Too Far Gone
Life, understanding, and time - possibly the worst-used combination in the history of mankind.
Why is it that it is too late in life before anyone realizes anything? And by "anything" I mean... why does someone need to go through 14 bad relationship before they figure out how to gain self-esteem... why do you realize how to manage money after all you had is gone... why do you realize that you should of after you can't.
Too little and too late is how the saying goes, and it is true. People put too little effort into self-discovery and self-education; and to make it worse, it is after the damage has been done.
High school is wasted in ignorance. You don't understand the value of the time wasted until well after graduation. The list of things that you would have done had you known what you know now is miles long. The sports you would have tried, the people you would have talked to, and the kiss that you would have taken.

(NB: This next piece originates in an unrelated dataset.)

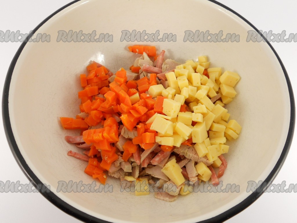 Морковь и твердый сыр порезать небольшими кубиками, добавить к мясу и колбасе.

This cycle of minor-regrets and moments-missed continues until death for most people. Not an unbearable burden, but it is that place you drift off to. That things you wonder about. The dreams that keep you from living in the current moment.
So now, right now, we know... we know that before our head hits the pillow tonight; we will have not done something. And if we think about it, we already know what it is.

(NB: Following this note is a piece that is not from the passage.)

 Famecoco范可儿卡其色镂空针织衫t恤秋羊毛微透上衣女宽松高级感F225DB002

Do we choose to let our life slip away in moments and years? Or do we lazily accept fate's random path?
Why would I choose regret? Why would I want to dwell on the things that I should have done? I don't know why. I almost don't care why. I just know that I don't want this cycle. I don't want to look back on my life when I am 80 and even have "I should have" in my mind. I don't want to have it in my mind at age 30.
So, I know what I don't want. What do I want? And more importantly, am I going to choose to get it? Do I care enough about me to give myself what I want? Can I ignore the self-doubt and the eyes that I feel are holding me back?
I don't know.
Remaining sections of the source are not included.